Дагестанская сага. Книга II - Жанна Абуева 12 стр.


– Да вот в последнее время какой-то сам не свой ходит. То накинется ни с того, ни с сего из-за какой-нибудь мелочи, а то, наоборот, обласкает, как молодожён! Не знаю, что с ним такое творится!

– Не обращай внимания, – сказала Малика. – У мужчин бывают всякие заходы.

Она снова обменялась с матерью тревожным взглядом и заторопилась:

– Поеду я, мои дорогие, а то уже смеркается!

– Проводить тебя? – предложила Фарида.

– Не беспокойся, ради Бога, что там идти до автостанции! Ой, чуть не забыла! Держи, это тебе!

Малика протянула невестке небольшой флакончик.

– Что это? О-ой, "Быть может", мои любимые духи! Где ты их достала, такой ведь дефицит! – воскликнула Фарида.

– Соседка принесла, я и взяла тебе и себе.

– Спасибо, моя дорогая! Я же их обожаю!

– Пользуйся на здоровье!

Расцеловав по очереди мать и невестку, Малика заспешила домой.

По дороге в Махачкалу, в такси, откинувшись на спинку сиденья и закрыв глаза, Малика перебирала в уме события дня, и память её зацепилась вдруг за висевшую на стене в доме у Катерины Андреевны пожелтевшую фотографию мужчины и женщины. Перед глазами Малики всплыло лицо мужчины, тяжёлое и отечное, показавшееся отчего-то ей знакомым, и она стала мучительно соображать, где она могла видеть этого человека. Вспомнить не удавалось, и, бросив свои попытки, Малика переключилась на мысли о брате и о том, каково, должно быть, бедняжке Фариде жить с постоянным чувством обиды на своего мужа.

Уже дома, привычно занявшись ежевечерними делами, она вспомнила вдруг тётю Шахри, и вновь перед ней всплыло лицо мужчины с фотографии. Теперь она его вспомнила. Вспомнила, как тётя Шахри передавала ему посылку для своего арестованного мужа Манапа. Михаил, да, именно так его звали, всё кивал головою и говорил: "Передам, передам всё лично, не извольте беспокоиться!" Затем, воровато оглядевшись, поспешно взял деньги, протянутые ему Шахри, и, встретившись взглядом со стоявшей рядом и пытливо глядевшей на него Маликой, тут же заторопился удалиться. "Тётя Шахри, а вдруг он заберёт посылку себе?" – сказала девочка. "Будем надеяться, что если и заберёт, то только половину", – вздохнув, ответила Шахри.
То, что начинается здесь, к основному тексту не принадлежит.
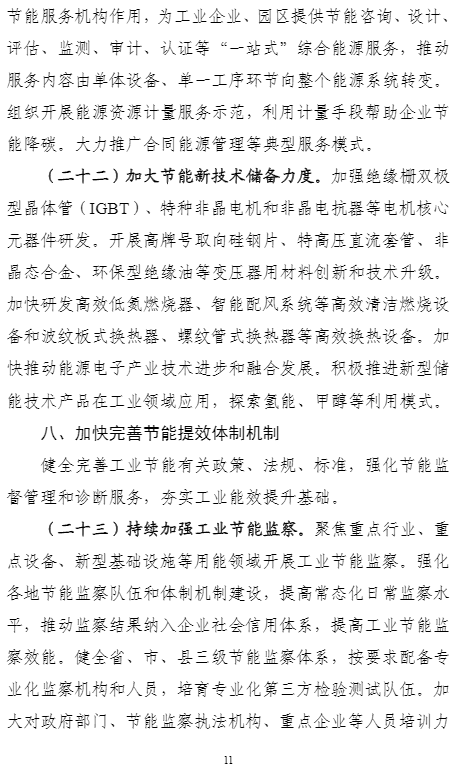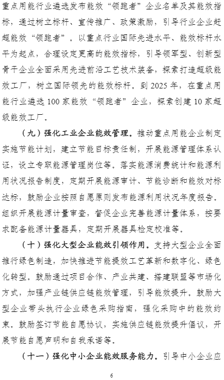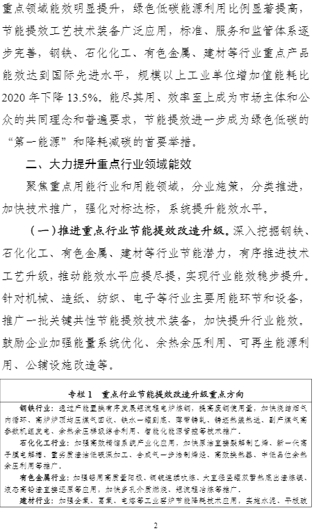 計劃提出,到2025年,重點工業(yè)行業(yè)能效全面提升,數(shù)據(jù)中心等重點領(lǐng)域能效明顯提升,綠色低碳能源利用比例顯著提高,節(jié)能提效工藝技術(shù)裝備廣泛應(yīng)用,標(biāo)準、服務(wù)和監(jiān)管體系逐步完善,鋼鐵、石化化工、有色金屬、建材等行業(yè)重點產(chǎn)品能效達到國際先進水平,規(guī)模以上工業(yè)單位增加值能耗比2020年下降13.5%。能盡其用、效率至上成為市場主體和公眾的共同理念和普遍要求,節(jié)能提效進一步成為綠色低碳的“第一能源”和降耗減碳的首要舉措。
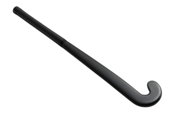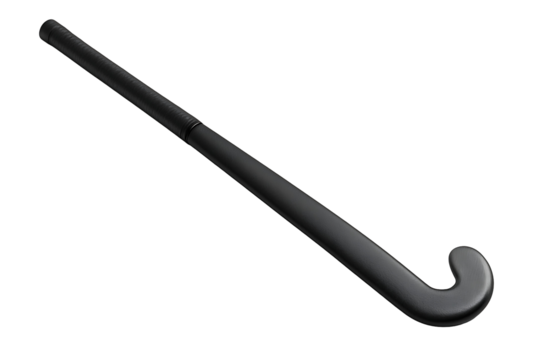 Black field hockey stick with textured grip tape on handle used for professional team sports competition and training isolated on transparent background

Кто бы мог подумать тогда, в тридцатые годы, думала сейчас Малика, что через много-много лет семья её столкнётся с семьёй тюремного надзирателя, передававшего за деньги посылки для арестованного революционера Манапа…

Эти давние детские воспоминания, так неожиданно вторгшиеся в их сегодняшние проблемы, навели Малику на размышления о прочной взаимосвязи прошлого с будущим, между которыми гнездилось настоящее. Когда она поделилась своими мыслями с Юсупом, муж ответил: "Связь гораздо сильнее, чем мы можем себе это представить!"

Глава 28

В конце следующего рабочего дня во врачебном кабинете Малики раздался телефонный звонок и в трубке послышался женский голос:

– Это Малика? А это Катерина Андревна! Я вот чего звоню. Вы, если хотите, чтобы мы отошли в стороночку, должны нам помочь и со своей стороны!
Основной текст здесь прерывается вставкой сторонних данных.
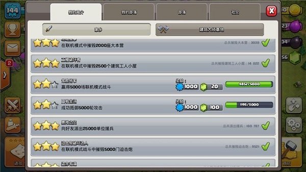 第三、做成就任务。每打到一个新的杯段,就等于完成了一个成就,系统会奖励你一些宝石。特别是打到1250杯的时候,会直接给你450个宝石,这就能直接买第三个工人了。完成其他成就也有不少宝石奖励,所以成就任务一定要记得做。

– Помочь чем, Катерина Андреевна? – вежливо осведомилась Малика.

– Ну как это чем? Чем помогают в таких случаях, вы разве не знаете?

– Видите ли, нам раньше не приходилось бывать в таких ситуациях, – ответила Малика.
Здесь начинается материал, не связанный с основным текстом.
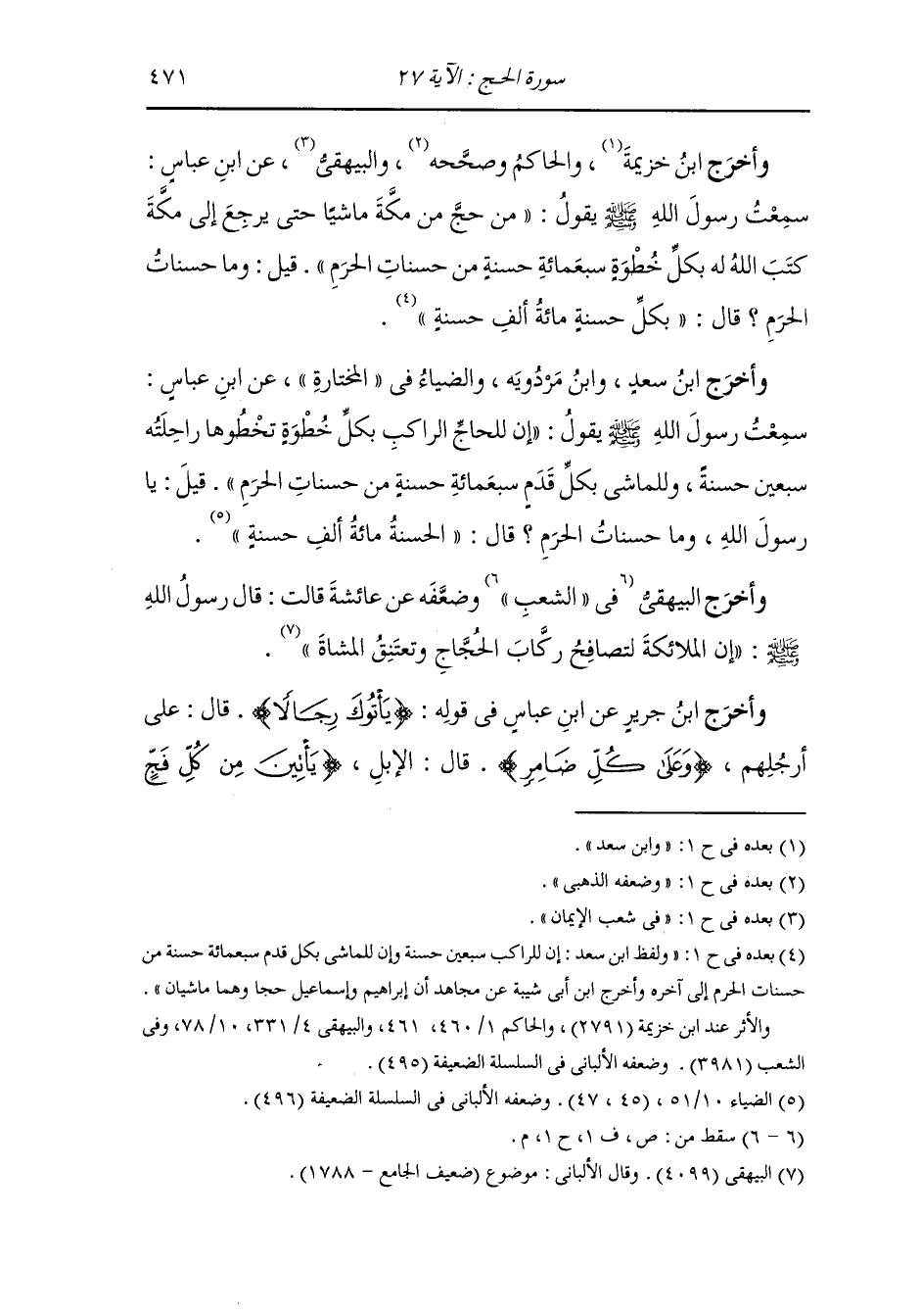 أخرج ابن أبي شيبة ، وعَبد بن حُمَيد ، وَابن جَرِير ، وَابن المنذر ، وَابن أبي حاتم عن مجاهد في قوله {ذلك ومن يعظم حرمات الله} قال : الحرمة الحج والعمرة وما نهى الله عنه من معاصيه كلها.

– Как будто бы нам приходилось! В общем, скажу вам прямо: нам нужны деньги.

– В смысле… вы хотите сделать Полине аборт?

– Да не о том речь! Что за непонятливость такая, господи боже мой! Вообще деньги… ну, за молчание… чтоб общественность не узнала… и жена, конечно!

– Ах, вот оно что! – наконец сообразила Малика. – И сколько же вы хотите… за общественность?

– Вы знаете, мы решили уехать отседова… перебраться, так сказать, на другое место жительства! Ну, и вот… средства нам нужны… на дорогу и всё такое прочее!

– Так сколько? – спросила снова Малика.

– Ну-у, тыщи три… – неуверенно сказала женщина.

Крепко сжав в руке трубку и переваривая в уме озвученную сумму, Малика некоторое время молчала, а затем произнесла:

– Три тысячи – сумма немалая… Но я подумаю. Давайте созвонимся с вами завтра.

Она положила трубку и долго сидела, углубившись в собственные мысли, одна из которых упорно подсказывала ей, что здесь дело нечисто.

Дома, посоветовавшись обо всём с Юсупом, она решила дождаться следующего звонка и, когда тот последовал, сказала Катерине Андреевне как можно решительнее:

– Деньги вы получите. Но… у меня к вам одно условие. Завтра Полина приезжает в Махачкалу, и я веду её к специалисту, который её осмотрит и скажет, какой у неё срок, как протекает беременность, ну, и так далее, после чего вы получите ваши деньги!

В трубке что-то зашуршало, и в тот же миг Малика услышала визгливый, истеричный крик:

– Вы что это, хотите сказать, что мы вас обманываем? Не верите, да?

– Верю или не верю – это другой вопрос. Но вы требуете денег, а ведь я, в свою очередь, не требую у вас никаких расписок, хочу лишь увидеть справку от врача!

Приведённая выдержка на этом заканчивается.